1) Is the problem real?
Currently the use of MapReduce is far beyond its original design purpose. And there are mainly two shortcomings.
1. tight coupling of programing model with source management infrastructure. It makes developers to abuse the MR model.
2. centralized job control flow, which limits the system's scalability.
2) What is the solution’s main idea (nugget)?
Separating resource management functions from the programing model.
More precisely, Yarn replaces jobtracker & tasktracker which were used in Hadoop 1.0, with new components, namely, Resource Manager, Application Master, Node Manager.
RM: it runs as a daemon machine, serves as a central authority arbitrating resources among various applications.
AM: it manages each job. It monitors all lifecycle including resources consumption, flow execution etc.
NM: they are responsible for monitor resource availability on each node.
With this new architecture, it decentralizes the workload on JobTracker (Resource Manager in Yarn) in original Hadoop. More precisely, the job of task monitoring is assigned to AM instead of RM. Further, AM can be defined by users.
Container is also another novel framework that perform well for resource isolation in Yarn.
Another advantage of Yarn over Hadoop is that, Yarn represent resource with memory, which is more reasonable compared with Hadoop's number of map/reduce slots.
3) Why is solution different from previous work?
YARN mainly have 10 unique features to make it different from previous works.
1. YARN extends Hadoop's scalability.
2. YARN meets the requirement of Multi-tenancy needs.
3. YARN has the ability of decoupling the upgrade dependencies (which may be one of Mesos's job).
4. YARN can achieve locality awareness.
5. YARN can perform high cluster utilization
6. YARN needs to enable fault tolerance among multiple tenants Hadoop cluster.

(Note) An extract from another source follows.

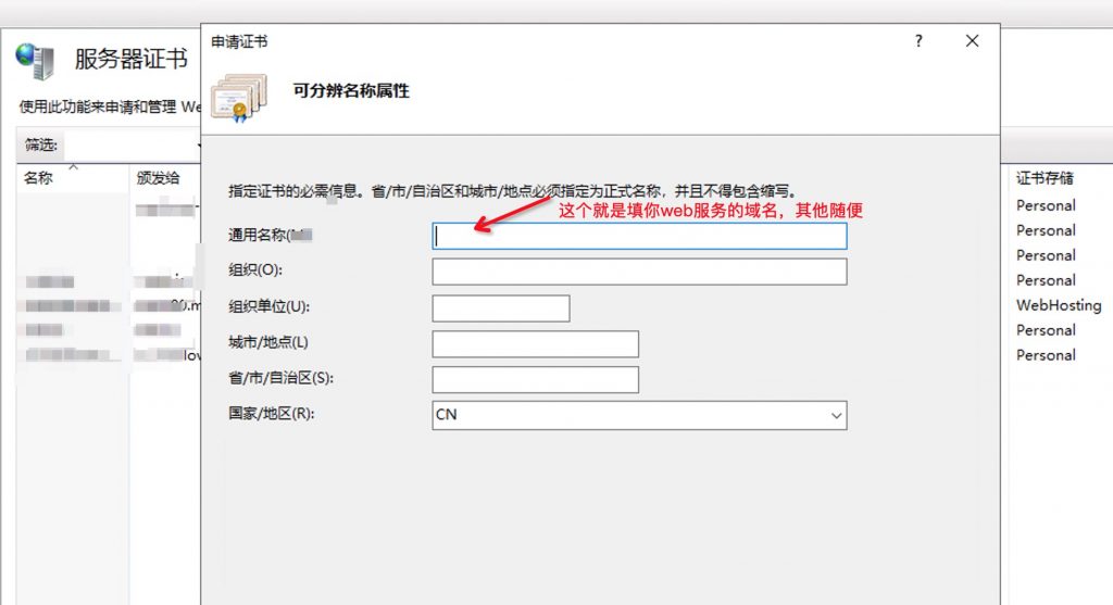 1,把Windows的证书颁发机构角色安装好,IIS服务管理器当然也是要安装好的。安装好后,到IIS管理器去创建证书申请。如下图

7. YARN maintains secure and auditable operations.
8. YARN must support for programming model diversity.
9. YARN has a flexible resource model.
10. Since YARN is second version of Hadoop, it must achieve backward compatibility.
4) Does the paper (or do you) identify any fundamental/hard trade-offs?
This two layer scheduling is a better way than centralized scheduling scheme. However, in the two lay scheduling architecture, each AM do not have a global view of the cluster resources, thus each AM could not achieve the best computational resources utilization.
5) Do you think the paper will be influential in 10 years? Why or why not?
Yes, since it is the second generation of Hadoop and has many novel attributes mentioned above, it definitely will be influential in 10 years.